• [Work order]:
The reply should repeat all of the data word for word, with no pictures.

___ Dataset extract ___

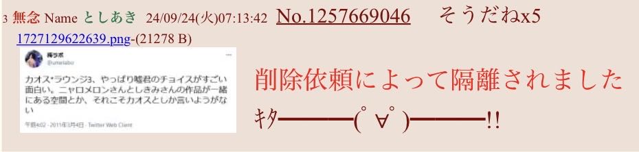 | … | 55無念Nameとしあき24/09/24(火)09:11:29No.1257681281そのレスが荒らし |
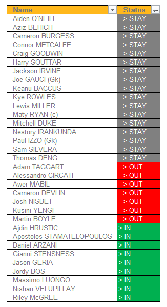 Popovic has selected a larger and more attacking squad which sees the return of Hrustic, Stamatelopoulos, Arzani and the notable inclusion of Nishan Velupillay.
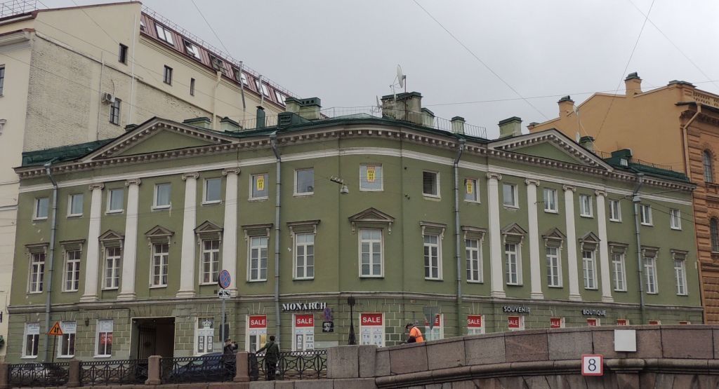 Объемно-пространственное и планировочное решение территории:местоположение и градостроительные характеристики здания, его акцентная роль в композиционно-планировочной структуре квартала и в панораме набережной реки Мойки и Зимней канавки;Объемно-пространственное решение:габариты трехэтажного на подвалах здания, сложного в плане, образующего с дворовыми флигелями один внутренний двор и выходящего фасадами на наб. реки Мойки и наб. Зимней канавки;конфигурация и габариты крыш, включая высотные отметки коньков и карнизов;воротный проезд – историческое местоположение, конфигурация (прямоугольный), габариты;Конструктивная система: исторические наружные и внутренние капитальные стены, их местоположение, материал (кирпич);междуэтажные перекрытия –местоположение; пологий свод воротного проезда;исторические лестницы, в том числе:многомаршевая межэтажная парадная лестница на пилонах, на крестовых и полуциркульных с распалубками сводах – с известняковыми ступенями, балюстрадным ограждением (гладкие опорные столбы) и профилированными поручнями;профиль ступеней (с валиком);покрытие полов лестничных площадок – лещадная плита;двухмаршевая межэтажная межстенная лестница в западном дворовом флигеле - с известняковыми ступенями;профиль ступеней (с валиком);полуциркульные своды под лестничными площадками;Объемно-планировочное решение:историческое объемно-планировочное решение в габаритах капитальных стен;Архитектурно-художественное решение фасадов:лицевые фасады, их историческое и архитектурно-художественное решение в формах классицизма;известняковый цоколь с валиком;характер отделки фасадов: окрашенная штукатурка (прямоугольный руст – 1-й этаж);оформление воротного проезда – веерная рустовка, замковый камень;фасады здания оформлены двумя пилястровыми портиками в уровне 2-го и 3-го этажей, с треугольными фронтонами, первый этаж рустован, оконные проемы - с профилированными наличниками, треугольными и прямыми сандриками на фигурных орнаментированных кронштейнах;скругленная угловая часть фасада с раскреповкой;исторический профиль межэтажных карнизов и тяг;исторические оконные проемы 1-3-го этажей – местоположение, конфигурация (прямоугольные), габариты,заполнения оконных проемов – исторические рисунок, материал (дерево), цвет;венчающий раскрепованный антаблемент: профилированный карниз с поясом «сухариков», гладкий фриз, профилированный архитрав;архитектурно-художественное решение дворового фасада:известняковый цоколь;материал и характер отделки фасадов - окрашенная штукатурка (прямоугольный руст 1-го этажа);исторические оконные проемы 1-3-го этажей – местоположение, конфигурация (прямоугольные, полуциркульные), габариты, оформление (веерная рустовка, профилированные наличники);заполнения оконных проемов – исторические рисунок, материал (дерево), цвет;исторические дверные проемы, ведущие на лестницы – местоположение (вторая ось по западному фасаду, внутри воротного проезда), конфигурация (прямоугольные), габариты, оформление (веерная рустовка, профилированные наличники);деревянное глухое двустворчатое заполнение воротного проезда;металлическое двустворчатое заполнение вороного проезда;прямоугольный, со скругленными углами ризалит на высоту 1-3-го этажей;исторический профиль межэтажных карни
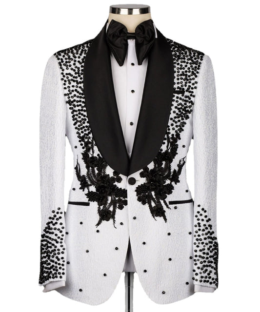 Esmoquin de boda de lujo blanco, traje formal para novio, 3 piezas, corte entallado, apliques de cristales, traje a medida para fiesta de graduación

___

• [Solution to this problem]:
 | … | 55無念Nameとしあき24/09/24(火)09:11:29No.1257681281そのレスが荒らし |
 Popovic has selected a larger and more attacking squad which sees the return of Hrustic, Stamatelopoulos, Arzani and the notable inclusion of Nishan Velupillay.
 Объемно-пространственное и планировочное решение территории:местоположение и градостроительные характеристики здания, его акцентная роль в композиционно-планировочной структуре квартала и в панораме набережной реки Мойки и Зимней канавки;Объемно-пространственное решение:габариты трехэтажного на подвалах здания, сложного в плане, образующего с дворовыми флигелями один внутренний двор и выходящего фасадами на наб. реки Мойки и наб. Зимней канавки;конфигурация и габариты крыш, включая высотные отметки коньков и карнизов;воротный проезд – историческое местоположение, конфигурация (прямоугольный), габариты;Конструктивная система: исторические наружные и внутренние капитальные стены, их местоположение, материал (кирпич);междуэтажные перекрытия –местоположение; пологий свод воротного проезда;исторические лестницы, в том числе:многомаршевая межэтажная парадная лестница на пилонах, на крестовых и полуциркульных с распалубками сводах – с известняковыми ступенями, балюстрадным ограждением (гладкие опорные столбы) и профилированными поручнями;профиль ступеней (с валиком);покрытие полов лестничных площадок – лещадная плита;двухмаршевая межэтажная межстенная лестница в западном дворовом флигеле - с известняковыми ступенями;профиль ступеней (с валиком);полуциркульные своды под лестничными площадками;Объемно-планировочное решение:историческое объемно-планировочное решение в габаритах капитальных стен;Архитектурно-художественное решение фасадов:лицевые фасады, их историческое и архитектурно-художественное решение в формах классицизма;известняковый цоколь с валиком;характер отделки фасадов: окрашенная штукатурка (прямоугольный руст – 1-й этаж);оформление воротного проезда – веерная рустовка, замковый камень;фасады здания оформлены двумя пилястровыми портиками в уровне 2-го и 3-го этажей, с треугольными фронтонами, первый этаж рустован, оконные проемы - с профилированными наличниками, треугольными и прямыми сандриками на фигурных орнаментированных кронштейнах;скругленная угловая часть фасада с раскреповкой;исторический профиль межэтажных карнизов и тяг;исторические оконные проемы 1-3-го этажей – местоположение, конфигурация (прямоугольные), габариты,заполнения оконных проемов – исторические рисунок, материал (дерево), цвет;венчающий раскрепованный антаблемент: профилированный карниз с поясом «сухариков», гладкий фриз, профилированный архитрав;архитектурно-художественное решение дворового фасада:известняковый цоколь;материал и характер отделки фасадов - окрашенная штукатурка (прямоугольный руст 1-го этажа);исторические оконные проемы 1-3-го этажей – местоположение, конфигурация (прямоугольные, полуциркульные), габариты, оформление (веерная рустовка, профилированные наличники);заполнения оконных проемов – исторические рисунок, материал (дерево), цвет;исторические дверные проемы, ведущие на лестницы – местоположение (вторая ось по западному фасаду, внутри воротного проезда), конфигурация (прямоугольные), габариты, оформление (веерная рустовка, профилированные наличники);деревянное глухое двустворчатое заполнение воротного проезда;металлическое двустворчатое заполнение вороного проезда;прямоугольный, со скругленными углами ризалит на высоту 1-3-го этажей;исторический профиль межэтажных карни
 Esmoquin de boda de lujo blanco, traje formal para novio, 3 piezas, corte entallado, apliques de cristales, traje a medida para fiesta de graduación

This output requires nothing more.